Зал в очередной раз взорвался овациями. Лучшего момента и не придумаешь. Он закрыл и открыт глаза, прищурился, задержал дыхание – все, как учили, – и, зафиксировав паузу между вдохами-выдохами, очень плавно нажал на спусковой крючок. Инструктор учил – в такой момент нужно думать о чем-то прекрасном и приятном, о самом прекрасном и приятном. Он поймал себя на мысли, что думает о Лене. Представил себе, будто не убивает человека, а просто проводит пальцем по ее щеке. Ему стало страшно, и он зажмурился, но пуля уже летела вперед. Его инструктор бьш хорошим учителем, а он – примерным учеником. Пуля пробила президенту горло, и вся страна видела, как брызжет фонтаном кровь, заливая его белоснежную рубашку, уничтожая единственную белую полосу на растянутом за спиной трехцветном флаге, ломая и коверкая надежды и планы, разрушая уклад жизни миллионов людей. У него затряслись руки, и тяжелая винтовка рухнула вниз, в толпу, которая продолжала визжать, но уже не от восторга, как девочки- фанатки на концерте «Битлз», а от дикого, животного ужаса, охватившего каждого, кто был в этот момент в зале или смотрел трансляцию по телевизору.
#83
Срываясь, сдирая кожу с рук и вырывая ногти, перепрыгивая с одной стальной фермы на другую, он бросился бежать. До твердого настила под куполом спортивного комплекса оставалось совсем немного – метров тридцать. Он прекрасно понимал, что не выйдет отсюда живым, но инстинкт продолжал гнать вперед. Рядом чирикнула первая пуля, за ней – вторая. Его засекли почти сразу после того, как рухнула вниз винтовка. Надо было торопиться. Он больше всего не хотел, чтобы его пристрелили как бешеную собаку. В последние годы он сам стал вершителем своей судьбы и не собирался никому отдавать это право. По крайней мере сегодня.

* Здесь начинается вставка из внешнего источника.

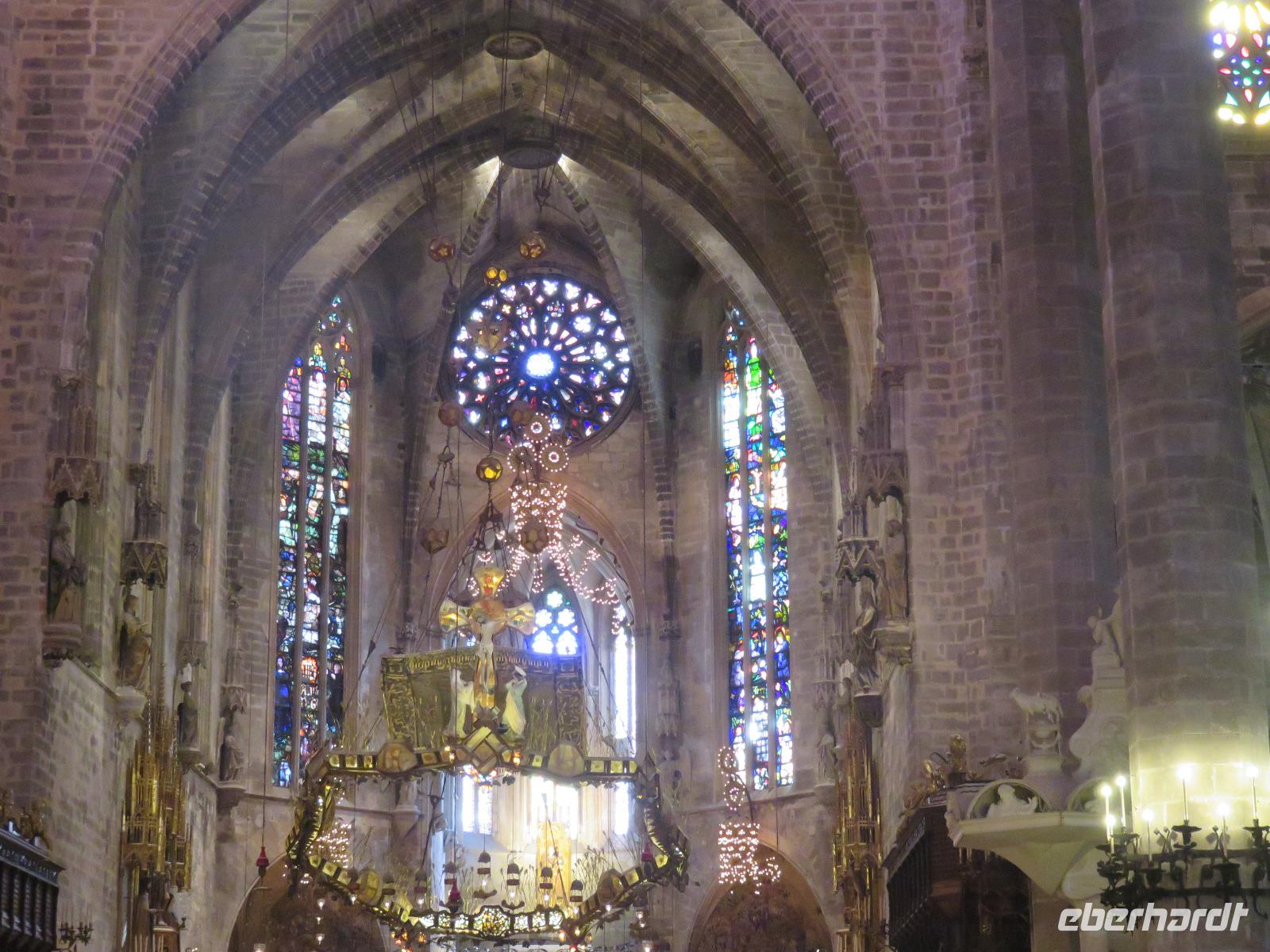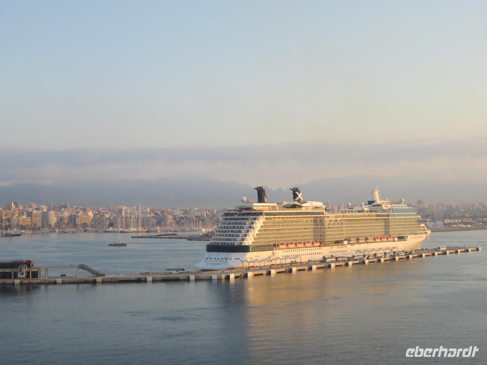 Schon sehr früh legte die Mein Schiff 3 im Hafen von Palma de Mallorca an. Unsere schöne Kreuzfahrt ging nun leider zu Ende. Da unser Rückflug erst am Abend erfolgte unternahmen wir noch einen Ausflug in Palma. Unsere Reiseleiterin Aixa erwartete uns bereits mit dem Bus. Wir hatten schnell unserer Koffer im Terminal vor dem Schiff gefunden und verstauten diese im Bus. Zunächst führte uns die Tour durch die Stadt hinauf zum Schloss Bellver. Diese runde Burg wurde im frühen 14.Jahrhundert als Sommerresidenz für den damaligen König Jaume II von Mallorca erbaut. Die heutige imposante Anlage mit dem Rundbau umgeben von einer dicken Mauer und drei Türmen diente bis 1915 als Gefängnis. Wir bestiegen die obere Etage und uns eröffnete sich ein wunderschöner Blick über die Stadt und das Meer. Nun ging es mit dem Bus wieder hinab und durch die Stadt Palma vorbei am Grandhotel, an der ehemaligen Stierkampf-Arena und schönen Villen in die Altstadt. In der Nähe der Kathedrale Sa Seu von Mallorca verließen wir den Bus. Zuerst besuchten wir die riesige Kathedrale. Der Bau der Kirche begann im Jahr 1299 und dauerte etwa 300 Jahre. Mehrere berühmte Architekten aus verschiedenen Epochen hinterließen ihre Spuren in diesem Bauwerk. Bereits von außen hatten wir die riesige Rosette gesehen über dem Hauptaltar gesehen. Sie zählt mit 12 Metern Durchmesser, 92 Quadratmetern Fläche und bestehend aus 12.000 kleinen Buntglasstücken als größte ihrer Art in einem Kirchenbau. Bedeutende Künstler haben ihre Handschrift bei der Gestaltung der Kirche hinterlassen, wie Antoni Gaudí, der die Beleuchtungskörper schuf oder Miquel Barceló, welcher in sehr moderner Form die Kapelle des Allerheiligsten mit faszinierenden Keramikfliesen gestaltete. Nun spazierten wir durch die Altstadt von Palma mit ihren netten verwinkelten Gassen. Mittags legten wir eine Pause an der Markthalle ein. Wir bestaunten das vielfältige Angebot an frischem Obst und Gemüse und den Fischmark. Es blieb noch Zeit für einen kleinen individuellen Imbiss. Anschließend liefen gingen wir zum Bus zurück. Bevor wir zum Flughafen fuhren, drehte Aixa mit uns noch eine Extrarunde über den Ballermann und durch Arenal. Am frühen Abend hieß es Abschied nehmen von Mallorca. Wir verließen die Ferieninsel per Flug Richtung Frankfurt. Beim Start konnten wir einen letzten Blick auf Mein Schiff 3 im Hafen werfen. In Frankfurt verabschiedeten wir die ersten Gäste. Von Frankfurt aus flogen wir weiter nach Dresden und Leipzig, wo wir pünktlich ankamen.Die Reise mit der Mein Schiff 3 im Westlichen Mittelmeer war sehr schön und wird uns sicher noch lange in Erinnerung bleiben.

Площадка. Он рухнул на спину, вжавшись в железный ребристый пол. Грудь тяжело вздымалась, лицо заливал пот, ладони – в крови. Все же – возраст. Никакие тренажерные залы, никакая подготовка тут не поможет. Он не был рожден для подобных опытов, его профессия – одна из самых мирных на земле. Точнее, была. Все это когда-то было.
У него было все. Он понимал, что осталось всего минуты две, чтобы окончательно подвести итог своей жизни и поставить самому себе оценку. По здравому размышлению, конечно, уверенный «неуд». Потерял семью и работу, позволил ненависти и мести занять все внутреннее и внешнее пространство. Последние годы он лишь разрушал: разрушал уверенно и методично, с каждым разом все меньше сожалея о сделанном. Стал убийцей. Что может быть, в сущности, ужаснее и глупее? Стал убийцей. Даже больше – террористом. Он уподобился тем, кому хотел отомстить, – не зря, ох, не зря говорили мудрые, что вставший на путь мести не добивается справедливости, а лишь умножает зло.
Под рукой не было весов, чтобы понять – кто хуже, кто тут самый плохой, но это, по большому счету, и не требовалось.
За последние годы он привык выносить приговоры и сейчас собирался привести в исполнение последний. Он выдернул из поясной кобуры «ТТ» и дослал патрон. Посмотрел в потертый зрачок ствола. Что он хотел там увидеть? Бесконечность? Покой? Ответы на все вопросы? Там не было, да и не могло быть ничего. Он засунул ствол в рот и, ломая зубы, зажал его. Хотелось выть от боли. Двумя руками – так надежнее – он обхватил рукоять, протолкнул ствол себе в рот, вызвав приступ рвоты, и нажал на спусковой крючок.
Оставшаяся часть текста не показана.